Шефольду уже надоело быть в безопасности. Несколько крупных собирателей, владельцев коллекций в Бельгии, прятали его в своих замках, в своих городских дворцах; им казалось естественным защитить такого человека, как он. Его передавали знакомым — после оккупации Бельгии в 1940 году он жил по очереди в Антверпене, Турне, Динане, потом в Валькуре, Комине и, наконец, в замке Лималь. Его снабдили даже бельгийским паспортом; ему не надо было бояться внезапных проверок со стороны вермахта, он мог бы свободно ходить повсюду-но он отказался, не из страха, а чтобы не подвергать опасности тех, чьим гостеприимством пользовался. Он составлял каталоги коллекций и библиотек, производил экспертизы. Сидя в частных архивах, окруженный гербами, картинами и первыми изданиями, он признавался себе, что эта призрачная жизнь в старых домах ему нравится. Торсы башен, ярусы фронтонов, жилища кастелянов, внутренние дворики из серого бентхаймского камня — в Хеммересе эта его тайная жизнь казалась ему тончайше выполненной гризайлью. Кроме того, везде была превосходная еда. Шефольд утверждал, что за хороший гуляш способен убить брата Авеля. У него не было брата. Он был единственным сыном франкфуртского
С весны ему не сиделось на месте. Вести из Италии и с Украины подтверждали, что исход войны предрешен. После высадки союзников и битвы под Минском он уже не мог оставаться в Лимале.

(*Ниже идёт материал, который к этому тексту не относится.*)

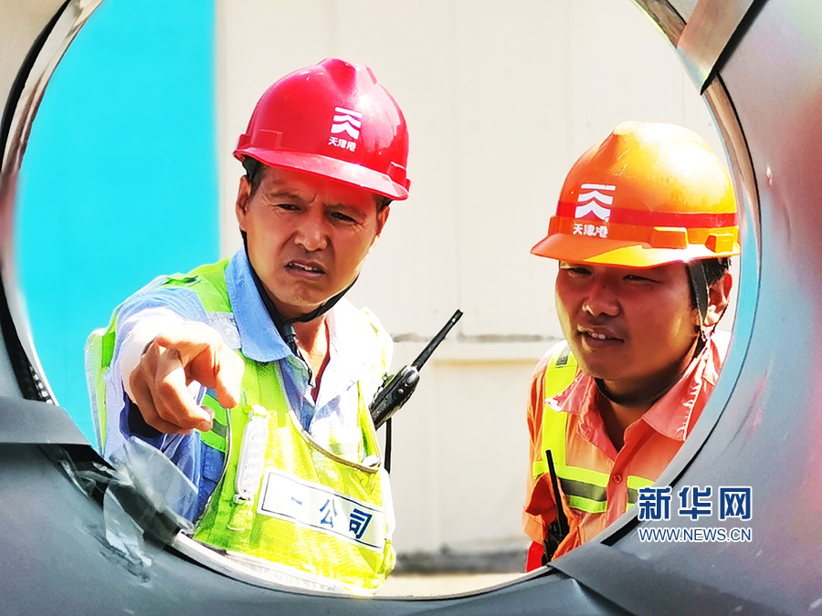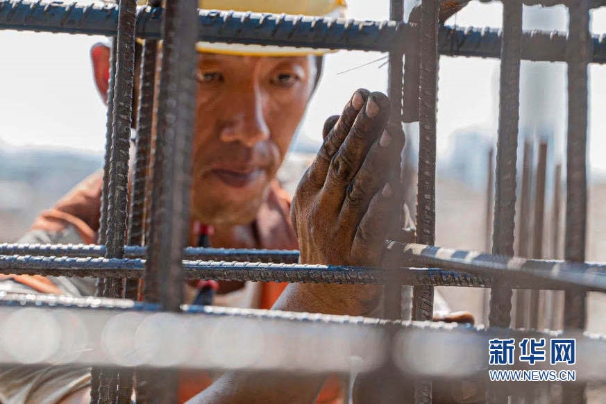 天津港航建設工人冒著酷暑在天津港c段碼頭建設現(xiàn)場檢查鋼筋情況。新華網(wǎng)發(fā)

Господин ван Реет предостерегал его; как теперь Хайншток, он советовал не выходить слишком рано из укрытия, но Шефольда невозможно было удержать, он отправился в восточные пограничные области, некоторое время продержался у друзей ван Реета в Мальмеди, наблюдал за отступлением немецких войск, бродил в Арденнах, в буковых лесах. Как и все, он переоценивал темпы продвижения американцев и ждал их с нетерпением. От нетерпения он поселился в Хеммересе, что было крайне легкомысленно с его стороны. Однажды он был в Маспельте, соблазнился близостью Ура и решил осмотреть пограничную речку. Оказавшись на западной цепи гор над долиной, он увидел на немецком берегу два белых домика. Мужчина колол дрова, женщина сновала между домами, ребенок пас коров на лугу у реки. Может быть, Шефольда пленил деревянный мостик, который вел через мелководную черную речушку к домам. Он заговорил с человеком, коловшим дрова. С тех пор он там и поселился. Вероятно, их согласие длилось бы недолго, через какое-то не слишком отдаленное время хозяин попросил бы его исчезнуть или просто выдал бы его, но события развернулись очень быстро, американцы заняли Маспельт, немцы отошли за высоты на восточном берегу Ура. С середины сентября хутор Хеммерес находился на ничейной земле. Меж холмов, обрамлявших долину, два белых домика напоминали как бы взятую войной в скобки фразу о мире. Шефольд поздравлял себя.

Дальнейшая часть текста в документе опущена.